I tried wrapping my head around building a script for the case of the whole oven treatment (with heating and the phase transformations from alpha to gamma upon heating and back from gamma to alpha upon cooling), but I am struggling hard, as I am too unfamiliar with integrating both the phase transformations and the temperature curves.
That's why I would like to ask if anyone on the forum can help me build my desired case (hopefully in a way that makes it easy to change the heat-treatment parameters)? Or even simpler, if anyone already has such a script and could share it with me?
Thanks in advance!
Best regards, Fabian
steel HT grain growth with two phase transformations - new user
Re: steel HT grain growth with two phase transformations - new user
Dear Fabian,
Welcome to the MICRESS Forum!
If I understood correctly, the main process you want to simulate is the phase transformation of ferrrite to austenite upon heating, starting from a single-phase ferrite initial microstructure, followed by grain coarsening of the austenite grains at 1300°C, and then cooling with an opposite phase transformation from austenite to ferrite. As this process involves the phase transformation of an alloy (Fe-Mn-C), concentration coupling is required, as well as adding the 3 elements and considered phases in the simulation setup.

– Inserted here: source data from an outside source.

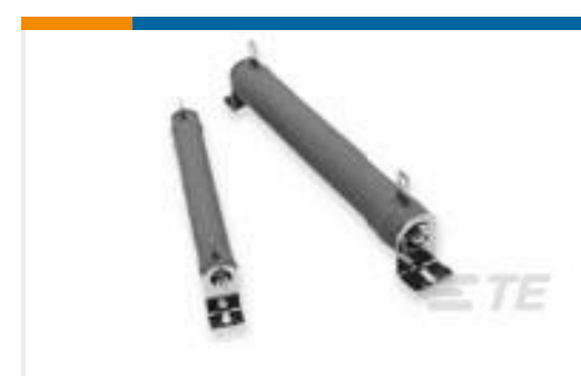
TE 产品编号1-1879447-8 TE 200W 27R 5% Bracket
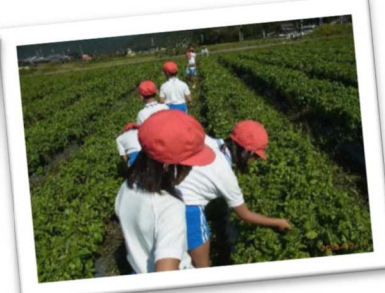
地元の特色ある農作物について生産者から学ぶ小学生の地産地消体験（たつの市）
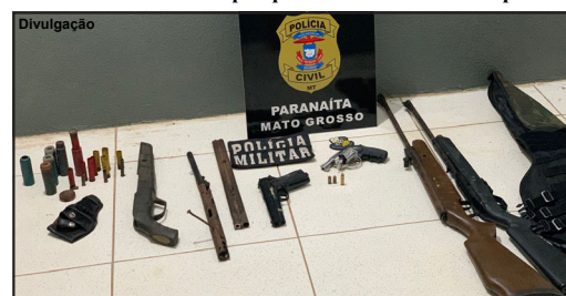
Revólver foi apreendido junto a arsenal exibido por suspeito em vídeo na cidade de Paranaíta

Revólver calibre 38 era exibido em rede social por dupla que foi identificada e um preso
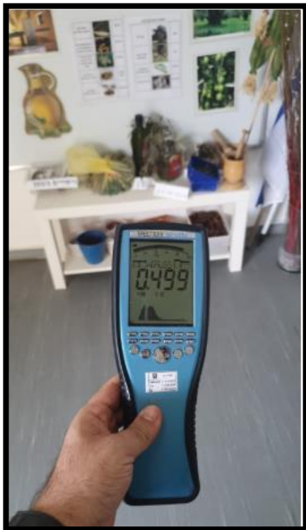
תמונה מס' 2: הערך שנמדד בחלל הגן
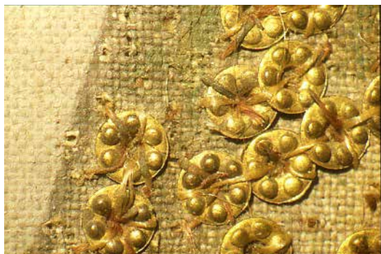
10. Paliotto della Vergine delle Rocce, 1486-1493, Sacro Monte di Varese, Museo Baroffio, particolare del ricamo: magete incoronate
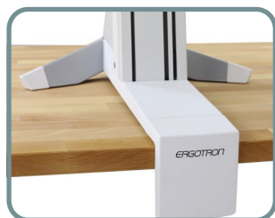
MORSETTO DA SCRIVANIA SI ATTACCA AL BORDO DELLA SUPERFICIE CON SPESSORE DA 1,2 - 6 CM
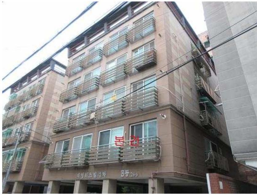
본건 전경 : 본건 [북서측]에서 촬영

Fortunately, there is already a MCRESS application example (A004_Gamma_Alpha_TQ_dri) which represents a perfect starting point for setting up such a simulation. It already uses the elements and phases which you need, defines an initial grain microstructure, and has a preset of parameters for the required phase-interactions:
1/1: Grain coarsening of austenite
1/2: Phase transformation between austenite and ferrite assuming nple-conditions
2/2: Grain coarsening of ferrite
Furthermore, it contains 3 nucleation conditions for the ferrite phase at triple junctions, interfaces, and in the bulk of austenite grains, which is a good starting point at least for the backward phase transformation on cooling.
In order to modify the input file to your process conditions, you need to:
- change the alloy composition to your needs,
- implement the temperature-time curve including heating, holding and cooling by using a "time_dependent" temperature trend (either obtained from a text file or written directly into the MICRESS input file). To avoid potential but completely unnecessary numerical issues, I would recommend not really to begin and end at room temperature but at a higher temperature (perhaps just before the start of the first and after the end of the second phase transformation, respectively). At lower temperatures, diffusivity is extremely small, and nothing will happen anyway.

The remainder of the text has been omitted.